** RECORDED DATA follows **

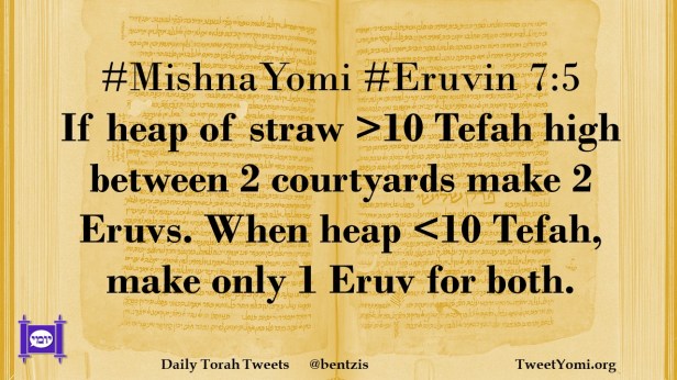 #MishnaYomi #Eruvin 7:5 If heap of straw >10 Tefah high between 2 courtyards make 2 Eruvs. When heap <10 Tefah, make only 1 Eruv for both.
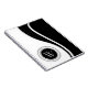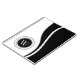 An elegant custom notebook for home, school, or office, this classic design features a black and white curved pattern trimmed in silver. The white background color may be customized to other color choices. Personalize with your monogram using the simple template.
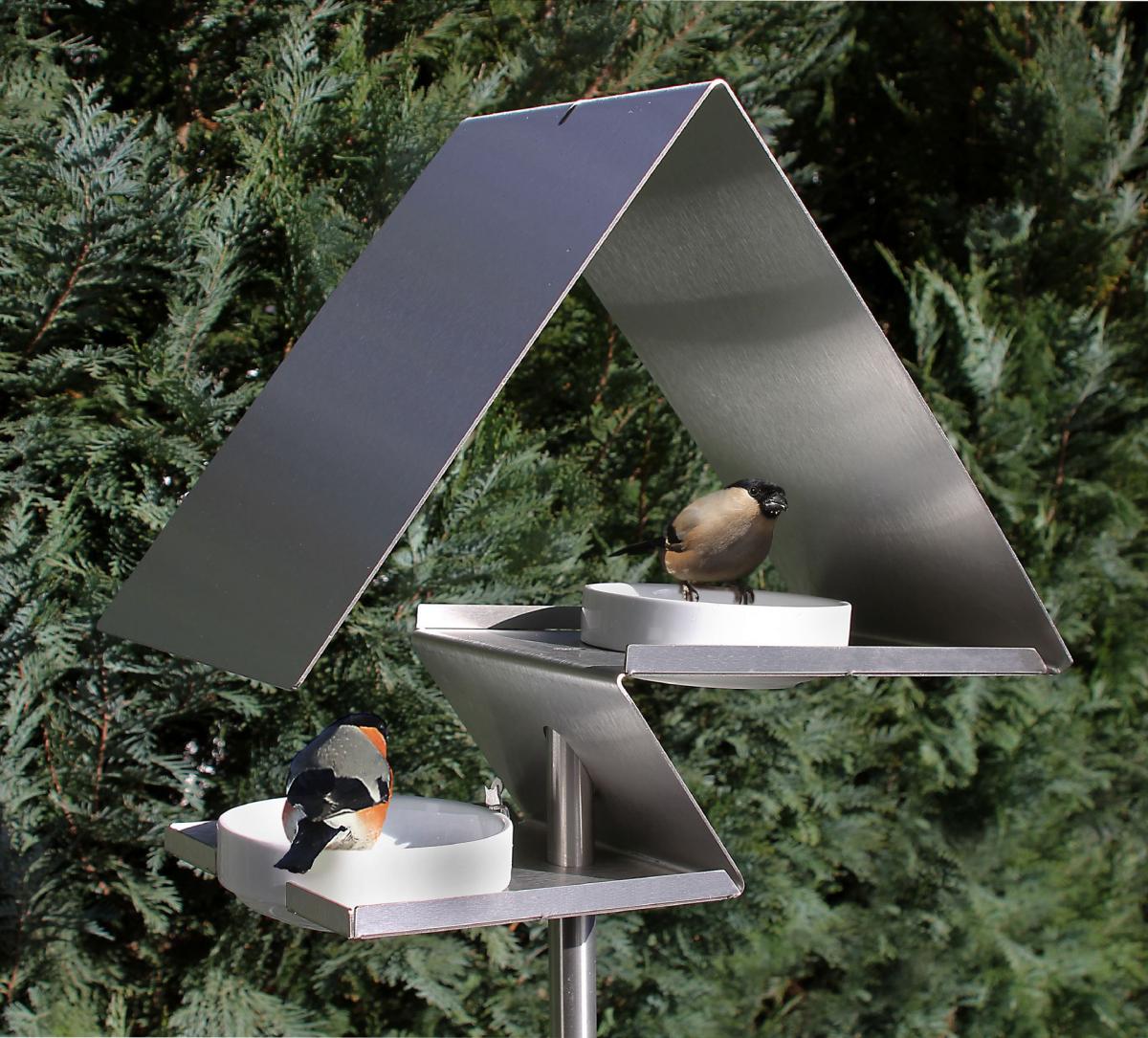 Manche assoziieren mit diesem Vogelimbiss zwar eher die Silhouette eines Hauses. (Passt aber letztendlich auch zum Thema: vogelHAUS...)
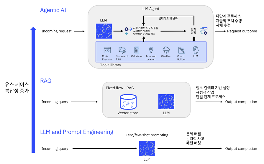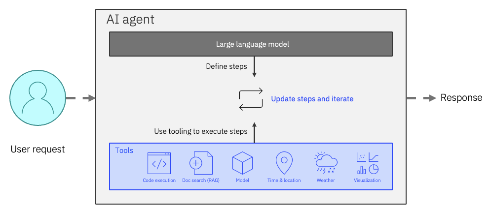 AI 에이전트는 LLM을 사용하여 추론하고, 도구, 다른 모델 및 기타 IT 시스템과 연동하여 사용자 목표를 달성할 수 있습니다.

** End of RECORDED DATA **

* ASSIGNMENT: Give back each line above exactly, with pictures dropped.

* ANSWER SPACE:
 #MishnaYomi #Eruvin 7:5 If heap of straw >10 Tefah high between 2 courtyards make 2 Eruvs. When heap <10 Tefah, make only 1 Eruv for both.
 An elegant custom notebook for home, school, or office, this classic design features a black and white curved pattern trimmed in silver. The white background color may be customized to other color choices. Personalize with your monogram using the simple template.
 Manche assoziieren mit diesem Vogelimbiss zwar eher die Silhouette eines Hauses. (Passt aber letztendlich auch zum Thema: vogelHAUS...)
 AI 에이전트는 LLM을 사용하여 추론하고, 도구, 다른 모델 및 기타 IT 시스템과 연동하여 사용자 목표를 달성할 수 있습니다.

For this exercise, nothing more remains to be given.